Class::DBI performance
Class::DBI is a very nice database abstraction layer for perl. It allows you to define your tables and columns and it magically provides you with classes with accessors/mutators for those columns. With something like Class::DBI::Pg, you don't even need to tell it your columns; it asls the database on startup. It's all very cool mojo and massively decreases the development time on anything database related in perl.
Unfortunately, as far as I can tell, it has a massive performance problem in its design. One of the features of Class::DBI is lazy population of data. It won't fetch data from the database until you try to use one of the accessors. This isn't normally a problem, except with retrieve_all(). Basically this function returns a list of objects for every row in your table. Unfortunately, due to the lazy loading of data, retrieve_all() calls SELECT id FROM table; and then every time you use an object it calls SELECT * FROM table WHERE id = n;. For a small table, this isn't too bad, but for a large table, it's a killer.
I did a little benchmark today to see just how much slower it is over plain DBI. I wrote two functions which iterate over a table, assigning one value to a function (forcing Class::DBI to fetch the data). The table in question contains 635 rows. The code I used was:
use strict;
use warnings;
use Benchmark qw(:all) ;
use Foo;
use DBI;
sub class_dbi {
for my $foo (Foo->retrieve_all()) {
my $bar = $foo->bar;
}
}
sub dbi {
my $dbh = DBI->connect("dbi:Pg:dbname=$db;host=$host",$user, $passwd);
my $sth = $dbh->prepare("SELECT * FROM foos;");
$sth->execute();
while(my $row = $sth->fetchrow_hashref()) {
my $bar = $row->{bar};
}
}
cmpthese(100, {
'Class::DBI' => 'class_dbi();',
'DBI' => 'dbi();',
});The results:
brick david% perl benchmark.pl
s/iter Class::DBI DBI
Class::DBI 10.3 -- -97%
DBI 0.351 2845% --Class::DBI is more than 28 times slower than using DBI directly. I'm hoping that someone will now tell me "Oh you just do blah", otherwise I'm going to have to rewrite some of my code. One thing to learn from this is that reduction in development time can often cost you more in other areas, and it's often runtime performance.

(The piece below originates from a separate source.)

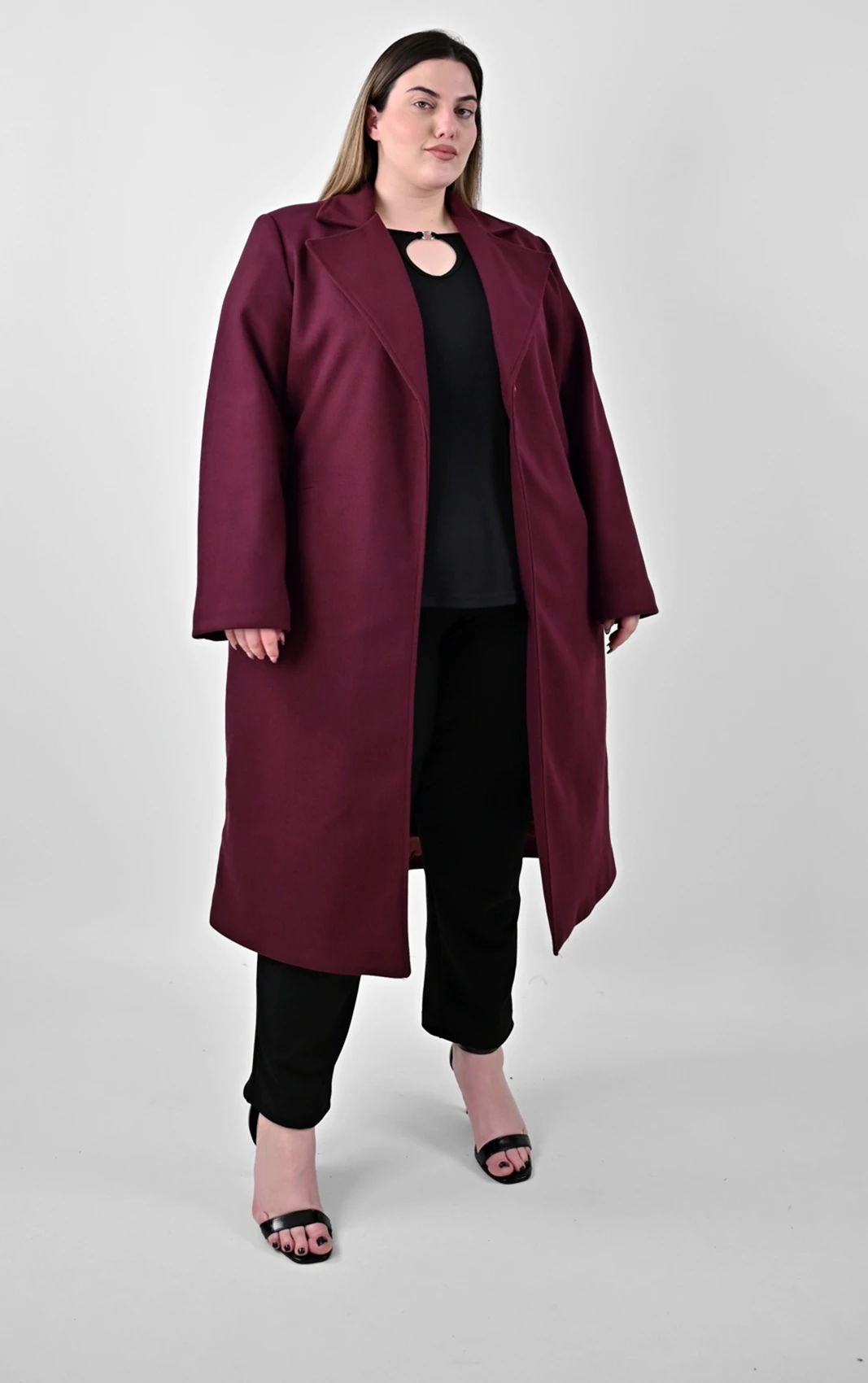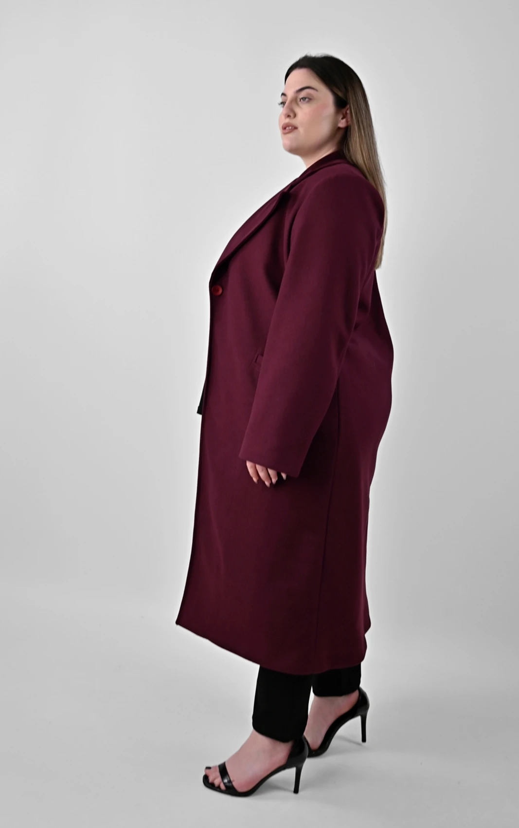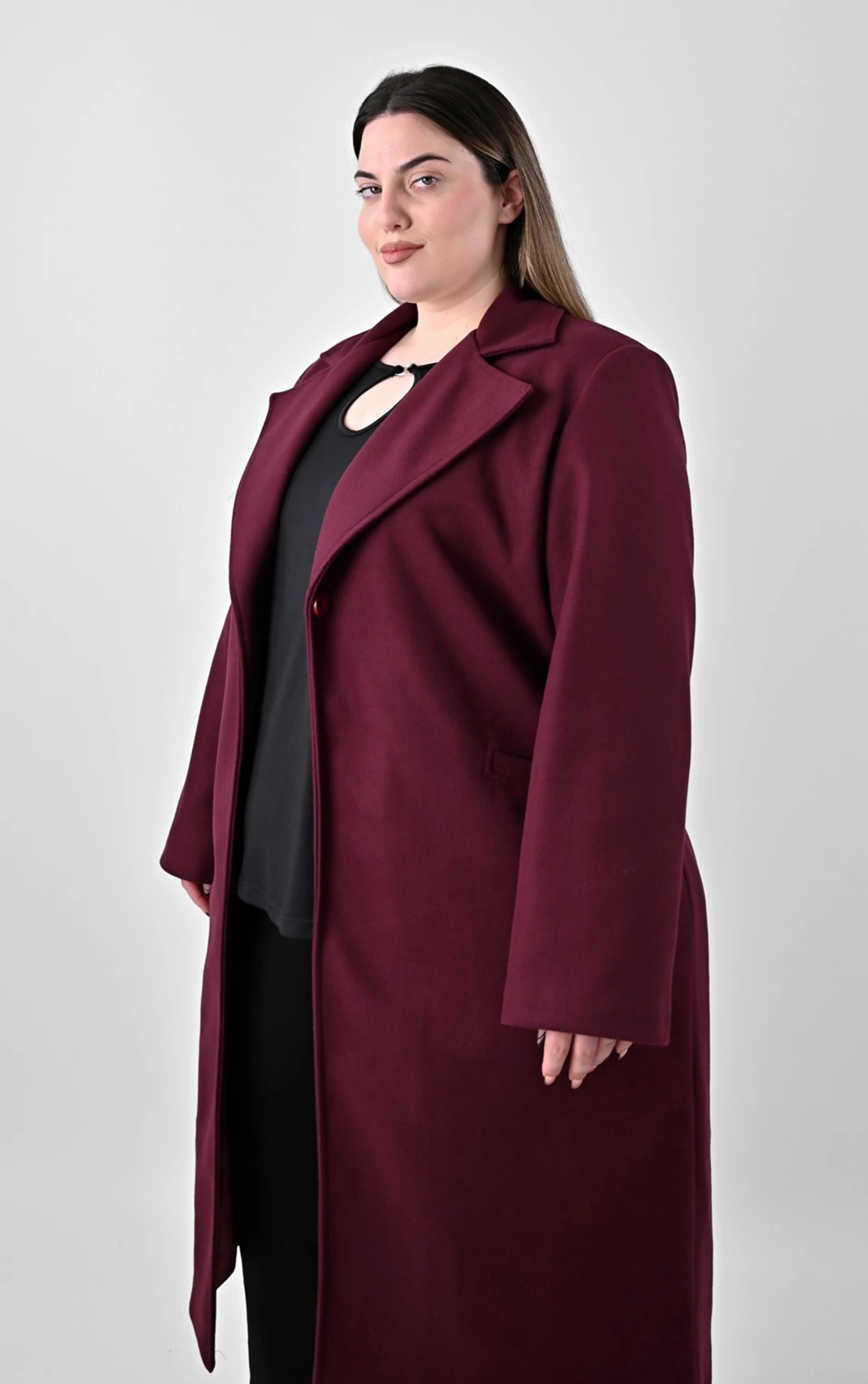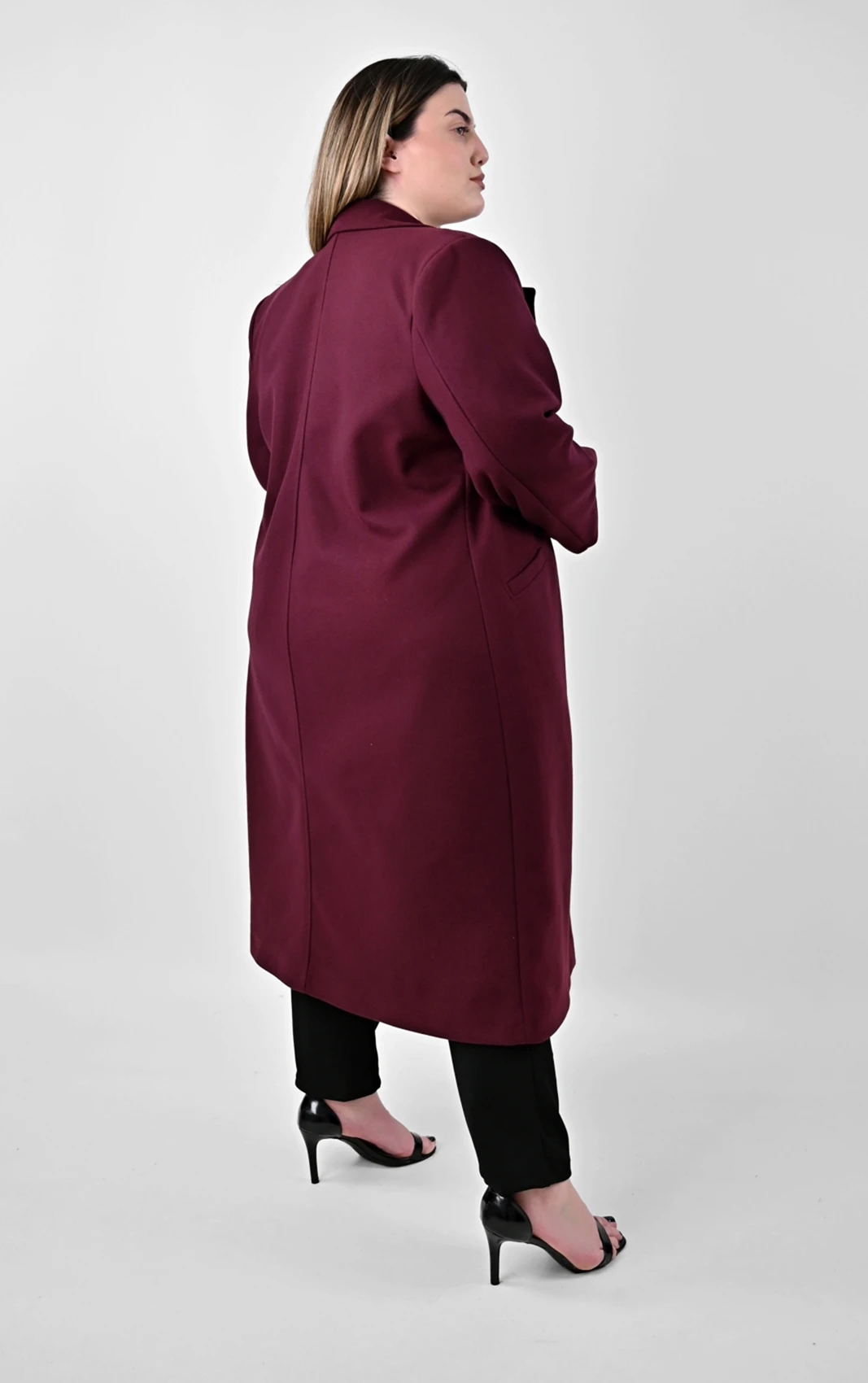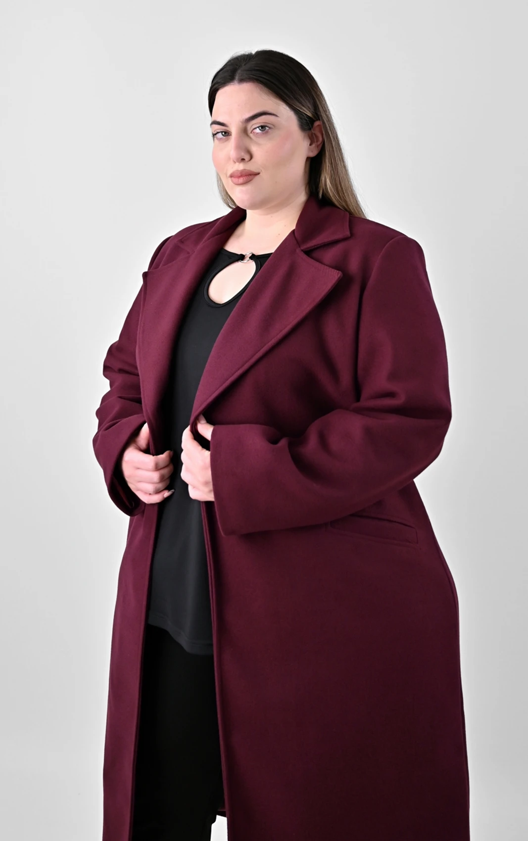 Μπορντό Μακρύ Παλτό σε Ίσια Γραμμή

Update: It appears that the bug is that Class::DBI::Pg does't set the Essential list of columns, so Class::DBI uses the primary column. you can fix this by adding the following to your database modules:
__PACKAGE__->columns(Essential => __PACKAGE__->columns);
Remember you'll need to do that for each of your modules; you won't be able to do it in your superclass, as you won't have discovered your columns yet. This has increased performance, but not massively. New timings (with the addition of using Class::DBI through an iterator):
s/iter Class::DBI it Class::DBI DBI Class::DBI it 6.35 -- -2% -94% Class::DBI 6.23 2% -- -94% DBI 0.350 1714% 1680% --
Update 2: It appears that further speedgains can be made by not using Class::DBI::Plugin::DateTime::Pg to convert the three timestamp columns in my table into DateTime objects.:
s/iter Class::DBI it Class::DBI DBI Class::DBI it 1.26 -- -11% -72% Class::DBI 1.12 12% -- -69% DBI 0.350 260% 220% --